Not just any salads. As the lobsters (or crayfish? Whatever they are, they kind of remind me of flamenco dancers for some reason. Becoming a flamenco dancer would be a great strategy for the lobster to stay alive! Why eat a dancing lobster when you could keep it as a pet? Make a tiny dress, maybe get a little fan it can clutch in one claw, charge admission for shows...) from Good Housekeeping's Cook Books "Book of Salads" (1958) suggest, seafood salads.
And since I haven't featured a mold in a while (and I want to make your weekend just a little more scary), I'm featuring seafood salads with gelatin, meant to be served on a bed of nice, crispy greens-- just not the ones I've worked so hard to wash. Get your own!
This first salad might not seem to fit the bill:
It's just a fairly ordinary canned tuna or shrimp salad. But it is supposed to go with "Jellied Cucumber Mold" (which I have to type out by hand because I can't get a good scan or photograph):
Jellied Cucumber Mold
1 env. plus 1/2 teasp. unflavored gelatine [sic]
1/4 cup cold water
1 cup hot water
1/4 cup cider vinegar
2 tablesp. lemon juice
2 to 4 tablesp. granulated sugar
1/2 teasp. salt
2 or 3 drops green food color
1 large cucumber
Mary's Tuna or Shrimp Salad, page 7
Tomato wedges
Add gelatine to cold water; let stand few min.; then add hot water; stir until dissolved. Add vinegar, lemon juice, sugar, salt, and enough food color to make liquid a delicate green. Cool (set in pan of ice water to hasten chilling) until mixture begins to jell.
While mixture is cooling, lightly oil 1-qt. bowl or casserole. Wash and pare cucumber; flute surface by drawing tines of sharp fork down length of it. Cut 12 or 16 thin (1/8" thick), even slices; then dice remainder fairly fine (there should be about 1 cup). Arrange fluted cucumber slices around the sides and outer edge of bottom of casserole. Fold diced cucumber into thickened gelatine; pour carefully into mold; refrigerate until firm.
At serving time: Loosen edges of mold with tip of knife; invert onto cold plate. Arrange tuna or shrimp salad around mold. Garnish with tomato wedges and, if desired, few shrimp arranged on watercress or frilly lettuce.
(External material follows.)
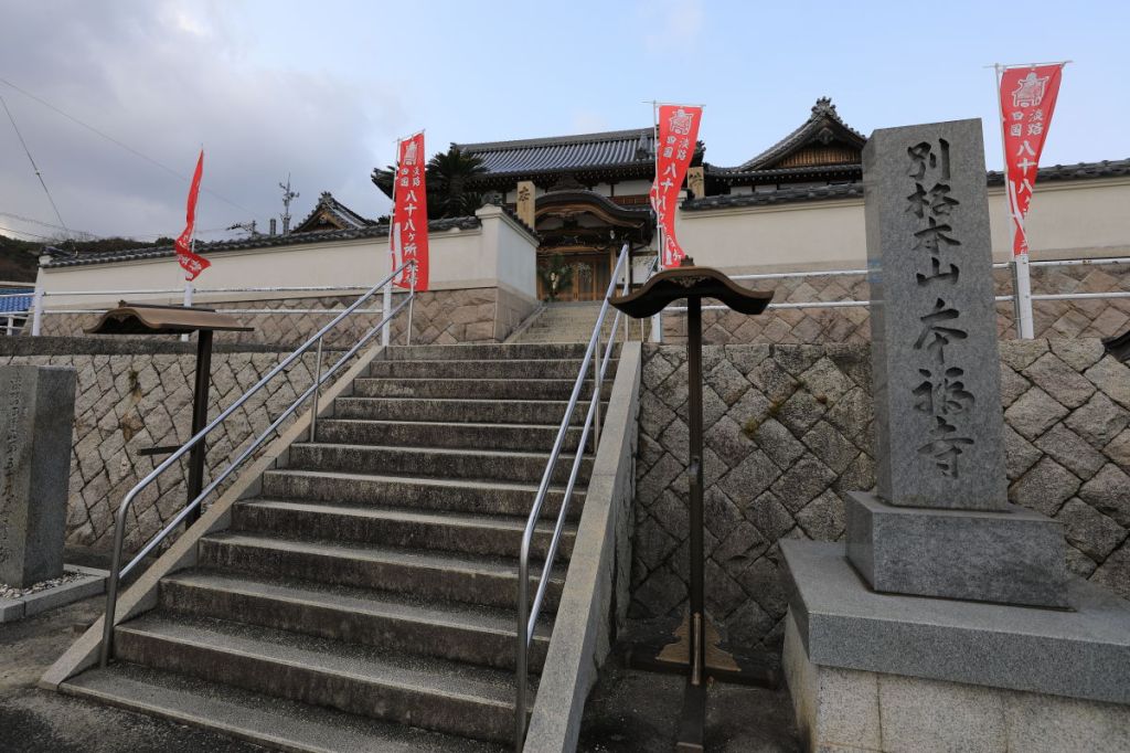 本堂内部は撮影禁止なので写真は朱色の回廊だけですが独特の雰囲気があります。ちなみに本堂には淡路市重要文化財の薬師如来像が鎮座しています。
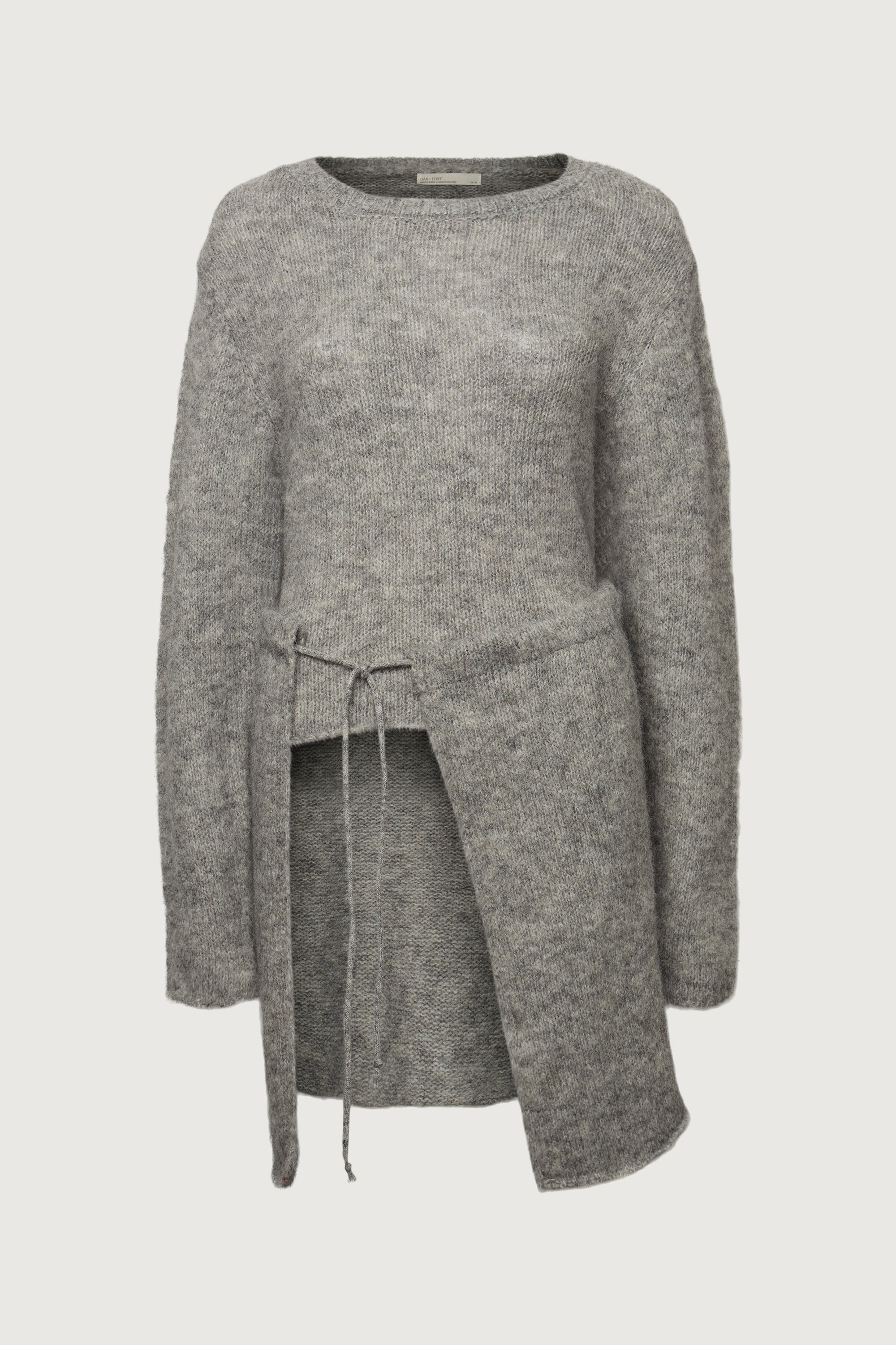 Crew neckline. Ribbed trims. Dropped shoulders. Wrap skirt with adjustable side tie closure.

I will admit to being a bit panicked when the recipe got to the oiling a casserole stage. Were cooks supposed to bake the cucumber first? Luckily, the casserole dish was just supposed to serve as a mold... if diners can consider being expected to eat a pale green, weak-lemonade-with-apple-cider-vinegar-and-cucumber mold alongside some tuna salad lucky.
If a "delicate green" blob doesn't hit your sweet spot for molds, there is always this:
Molded sea-food salad should of course come in the classical fish mold with a creepy olive eye and a sea of lemon twist and lettuce "waves."
The best thing I could say about this cold, jiggly, fishy concoction is that it might bring a special guest to one's dinner table (and maybe it says something about me that I would consider this particular guest to be the "best" thing...)
Happy weekend, everyone! May all your uninvited guests save you from having to clean up afterwards.
I love when the molded seafood salads are shaped into fish :D
ReplyDeleteI'd love to see someone make a lamb aspic and mold it into a lamb cake pan. That would be a new twist on it.